Given entries:

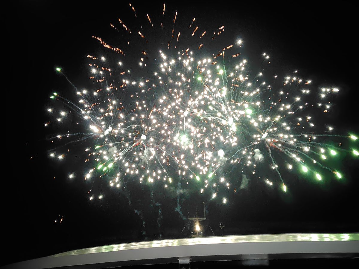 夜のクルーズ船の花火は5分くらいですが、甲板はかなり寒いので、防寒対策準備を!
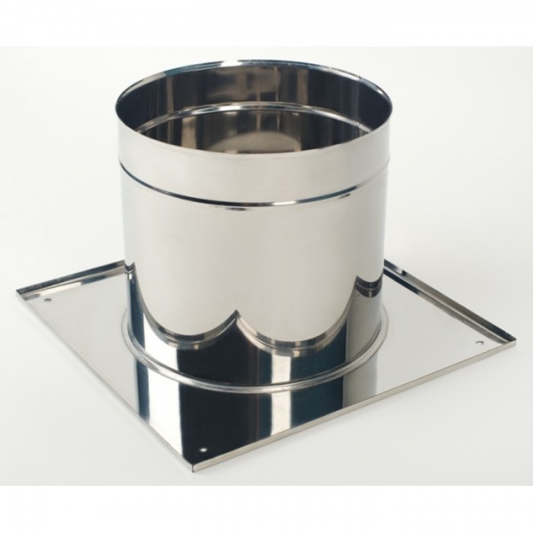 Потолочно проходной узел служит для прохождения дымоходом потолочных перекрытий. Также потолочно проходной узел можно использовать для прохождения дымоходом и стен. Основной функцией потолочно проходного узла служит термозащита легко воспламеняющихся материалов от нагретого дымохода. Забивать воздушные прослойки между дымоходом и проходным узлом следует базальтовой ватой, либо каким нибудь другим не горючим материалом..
--
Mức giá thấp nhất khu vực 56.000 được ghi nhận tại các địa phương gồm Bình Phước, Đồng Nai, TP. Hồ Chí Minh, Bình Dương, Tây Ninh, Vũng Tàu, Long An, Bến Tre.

Work to be completed: Print an exact copy of the lines above, from the one containing "夜のクルーズ船の花火は5分くらいですが、甲板はかなり寒いので、防寒対策準備を!" through the one containing "Потолочно проходной узел служит", and leave out the pictures.

Result for this task:
 夜のクルーズ船の花火は5分くらいですが、甲板はかなり寒いので、防寒対策準備を!
 Потолочно проходной узел служит для прохождения дымоходом потолочных перекрытий. Также потолочно проходной узел можно использовать для прохождения дымоходом и стен. Основной функцией потолочно проходного узла служит термозащита легко воспламеняющихся материалов от нагретого дымохода. Забивать воздушные прослойки между дымоходом и проходным узлом следует базальтовой ватой, либо каким нибудь другим не горючим материалом..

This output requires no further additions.